2-3x a day? Congrats...and this is with him hitting the porn...is he open with the porn use? How old are you...guessing early thirties?
_Posted via Mobile Device_


----------



## Benevolence (Oct 8, 2012)

Maybe she was acting over confident, shaking her money maker.. he could have been referring to that, but yeah not something I would ever say to describe a 13 year old... gross.


----------



## Gabriel (May 10, 2011)

In isolation this wouldn't bother me. It could very well be him describing her as way too snotty and confident. But if in a pattern, yes, this would bother me. 

If I were in your shoes and this was the only time this type of comment happened, I would probably let it go. But a second time and I would have a pretty serious conversation.


----------



## margrace (Aug 12, 2012)

confusion, i don't know the particulars, so this is just my two cents:

i can't think of a situation that makes it okay for an adult man to comment like this about a 13-year-old girl.


----------



## JCD (Sep 2, 2012)

So, my wife is next to me, and we are looking at our daughter. She is 10 years old. She also has a booty on her (Yes, I said it).

My wife says to me 'Gosh, it takes 2 minutes after she walks through the door for her butt to catch up."

Using this logic, I should be worried that my wife is a pedophile. What nonsense.

Women would like to pretend that a) men are blind, b) that men never look at anything that is one year younger then 18 (because...you know...we all have built in age detectors...oh, sorry, we DON'T have built in age detectors).

So yes ladies, we see little hot 13, 14, and 15 year olds. Generally, we don't say anything because women get bent out of shape if we give ANY woman of legal age the eye, much less jail bait. Because saying a girl is hot is the same as saying "I want to spend the next 20 years being Bubba's ***** because I lack ALL self control and morals."
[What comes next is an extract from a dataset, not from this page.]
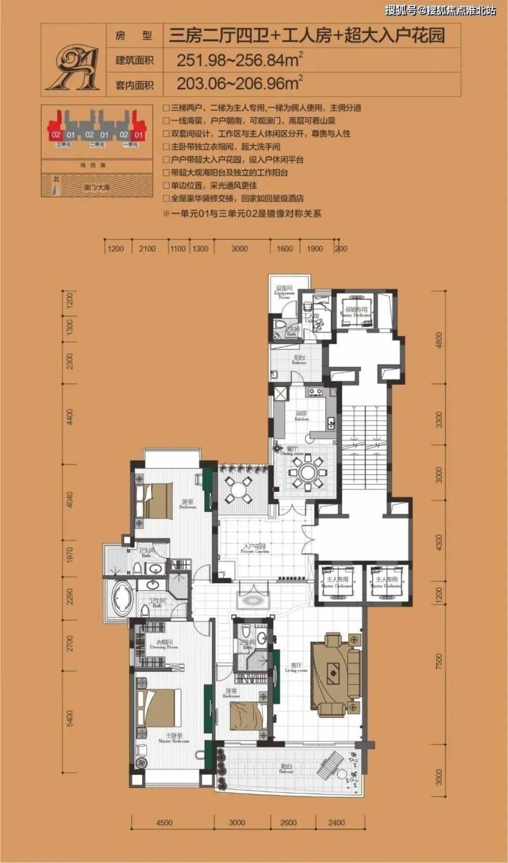 罗汉松、多头樟树等名贵树种,在高低错落的韵味中式园林中,与恒温泳池相辉映,与大海相呼应;金碧辉煌的奢华入户大堂,朱炳仁的百万巨幅铜雕壁画,三梯两户、坐北朝南尊贵设计,成为南海湾的人居标杆。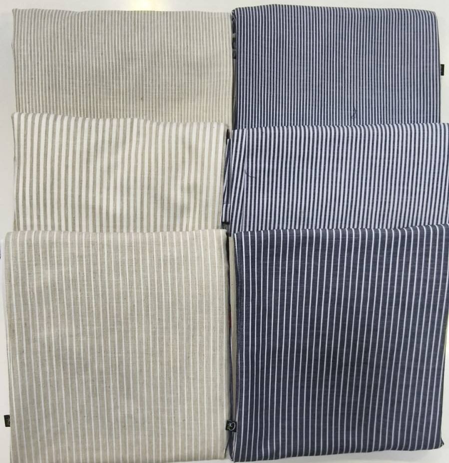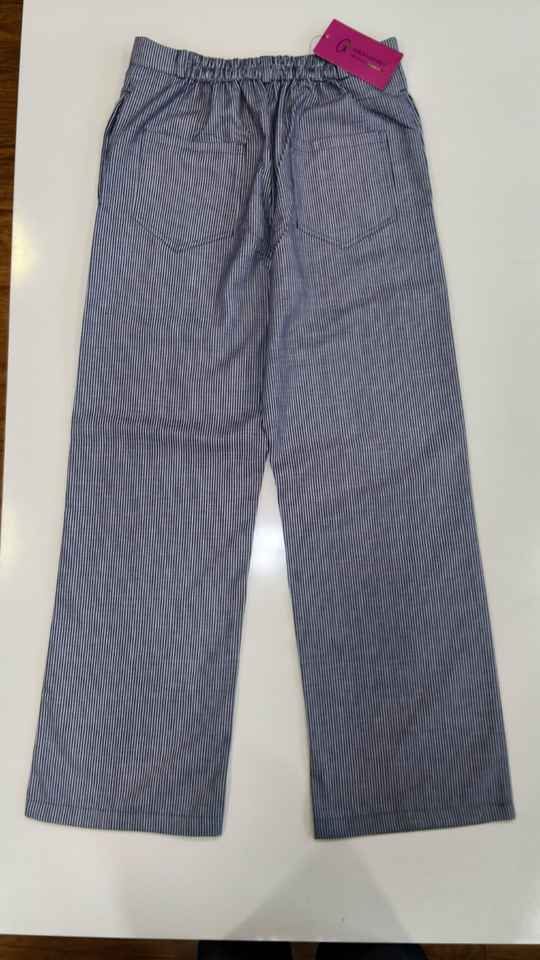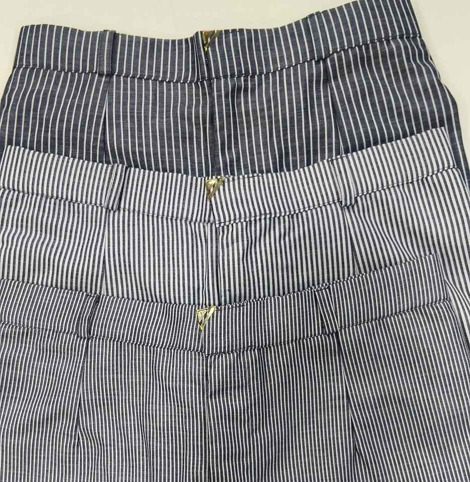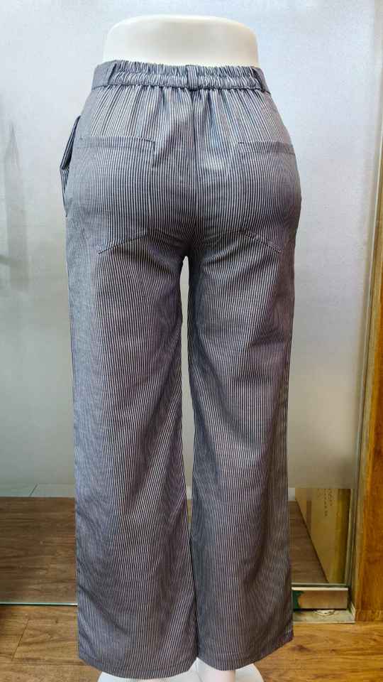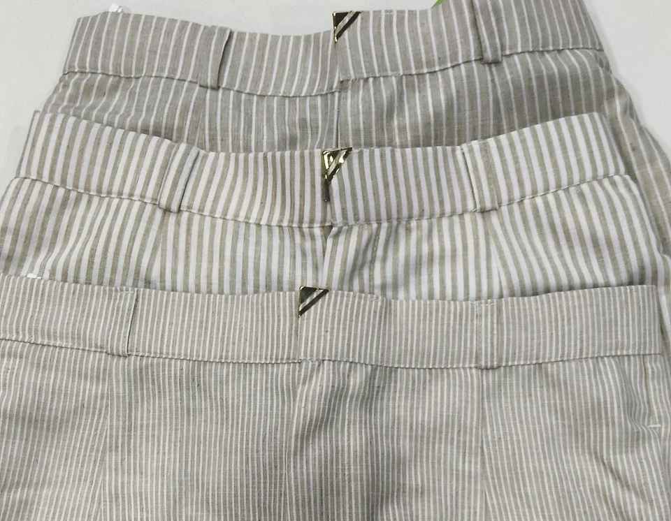 กางเกงผ้าลินินลายทางทรงตรงหลวมสำหรับผู้หญิง

Now, your husband MAY be worrying. Only you can tell. But it's also an act of trust to be able to RATIONALLY discuss that yes, this or that person is a firecracker and might be a problem down the road. Do you want your daughter to hang around a girl who is a new Teen Single Mom In Training?

Only you can judge exactly how creepy he is being...but girls...please stop assuming we are blind and stupid and that every single man in the universe is a pedophile just WAITING to happen.


----------



## thatgirll007 (Dec 14, 2010)

Confusion, your H's comment would worry me, too. It would also be a major turn-off. I don't know the first thing about how you would approach this topic with him, though. 

I guess maybe wait to see when the opportunity arrives in the form of more inappropriate comments like this one and then express your concerns. But then where do you go from there?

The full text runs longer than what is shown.